A 34-year-old engineer told City Living her master plan to one day own a sea view property in Howth, Co Dublin, has meant that she has never really "stopped to smell the roses" while living in her first two properties. "Like many first-time buyers I had to buy in a location that was far from my ideal. It was handy enough for work but I didn't know the area very well and didn't make an effort to join any community groups or activities. I lived there for nearly three years but I only knew my next door neighbour to say 'hi' and never attended any residents association meetings. I suppose I knew I wouldn't be staying."
She regrets not making more of an effort because her memory of that period was "a bit of a blur. It's almost like it never happened because I was never really fully present. I was always looking ahead."
Her second house - where she still lives - is closer to Howth but she admits she sees it as "a step on the ladder. It's reasonably near Howth so I can still visit all the restaurants and bars there and stroll along the pier at the weekends. Everyone tells me that it's a lovely house in a nice location and it's near my friends, but I've never seen it as a permanent home, which might be foolish as property prices in Howth are way out of my league at present and I hate to admit it to myself but I may never get there."
Not that you should stick with a property that no longer suits your requirements. Life coach Ann Kelly believes that the reason behind the decision to trade-up is important. "Is the family expanding, and you need more room? Or do you want to move for the love of a different experience? When there's a sense that this move fits with who you are and feels right, why not do it?" she says. "However, these trends can be driven by fear, in which case we have an underlying unease. We seek the outer security of possessions. We stockpile investments so that we can feel secure. We don't know what is enough sometimes. Even millionaires can feel that they haven't enough and so keep investing for the rainy day."

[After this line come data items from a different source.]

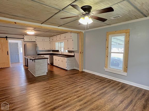 Welcome to 205 E. Illinois, Caraway AR, where charm meets affordability! This delightful 2-bedroom, 1-bath home, priced at $82,500, offers an open concept design across 1030 square feet of living space. Situated on a corner lot, it features a 30x40 wired shop for all your hobbies and storage needs, alongside a durable metal roof and metal siding ensuring low maintenance and longevity. Enjoy energy efficiency and natural light with vinyl windows throughout. The kitchen boasts matching appliances, an island, and plenty of cabinet space, perfect for all your culinary adventures. Stay comfortable year-round with central heat and air conditioning. With updated electrical service, this home is move-in ready and waiting for you to make it your own!
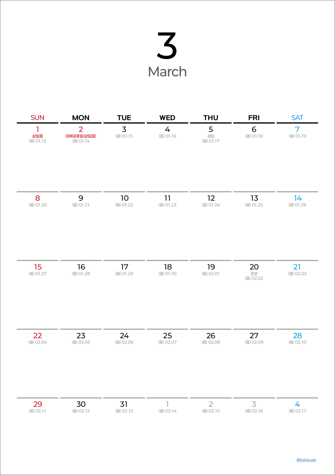 - 3월 1일 (일): 삼일절 (3월 2일 월요일 대체 공휴일 지정으로 휴일)
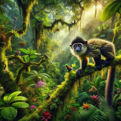 A Titi Monkey sitting on a tree branch in the rainforest.
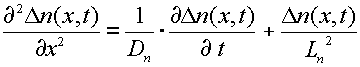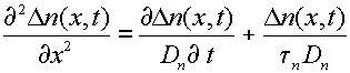 Полученное уравнение называют уравнением непрерывности для электронов. Оно учитывает диффузионное движение носителей заряда и их рекомбинацию. Интегрируя это уравнение при известных начальных и граничных условиях можно определить D n(x,t).
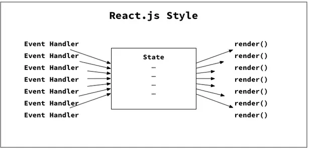 State是组件的基本状态,类似于AngularJs中的$scope变量,当我们在事件处理函数中改变和调整State的值时,React会自动调用render()方法实现视图的刷新,完成视图模型到视图的单向绑定和刷新。
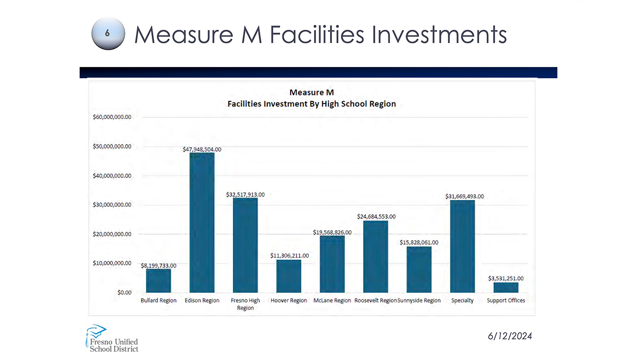 But the Measure M spending pattern has been more lopsided: Edison was the big winner, with $47,948,504, followed by Fresno High with $32,517,913, and “Specialty” with $31,669,493. Altogether, the investments through Measure M for the high school regions, “Specialty,” and support offices have totaled $195,254,545, the district reported. Measure M is a $325 million bond measure that voters approved in 2020.
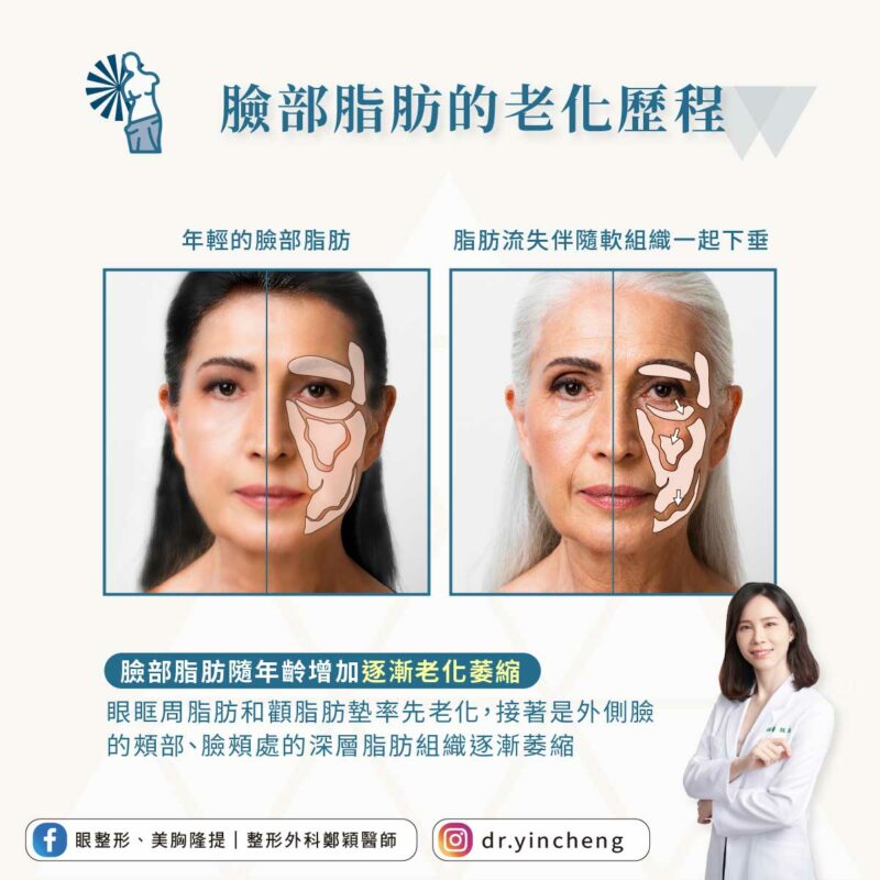 - 臉部脂肪隨年齡增加逐漸老化萎縮,眼眶周脂肪和顴脂肪墊率先老化,接著是外側臉的頰部、臉頰處的深層脂肪組織逐漸萎縮
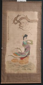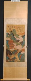A旧藏纯手绘绢本四尺中堂带提拔ZU47 武则天山水
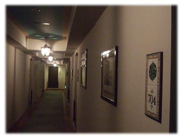 廊下の照明もこれまたアーティーク風。部屋番号の表示も、洒落たモザイクタイルになっています。

She believes that the need for security motivates many people. "It causes them to stay in jobs they hate, to invest beyond their comfort zone and compromise their today for a tomorrow that will never come. Getting what you want, or not is irrelevant. What's important is what it means to you. If you get what you want and it's not what you thought it would be, then you will be disappointed. If you get what you want and it is exactly what you want, then you may be happy for a time."
The build up of anticipation before acquiring that destination house can be followed by anti-climax, if expectations are too high. You might wonder why you are not in a permanent state of bliss, are disappointed that the new neighbours are less than friendly or nostalgic because you miss the old ones. You realise you've swapped one set of four walls for another - albeit far better appointed ones - or there is more upkeep on the property than expected. There can also be fall-out at a societal level when enough people move into a community with the view that it's temporary. The result can be a transient population which makes little effort to get involved in the community.
The Taoiseach's invitation to author and Harvard professor Robert Puttnam to speak at Fianna Fail's annual two-day parliamentary party meeting in Cavan earlier this week about the importance of active community participation reflects a level of concern about the increasing dislocation of Irish communities. Although Ireland has traditionally had a high level of social participation and neighbourliness, the demands of modern life have made us more focused on our own lives at the expense of the wider community. In our hunger to trade-up, the trade-off has been the support network a strong community can provide.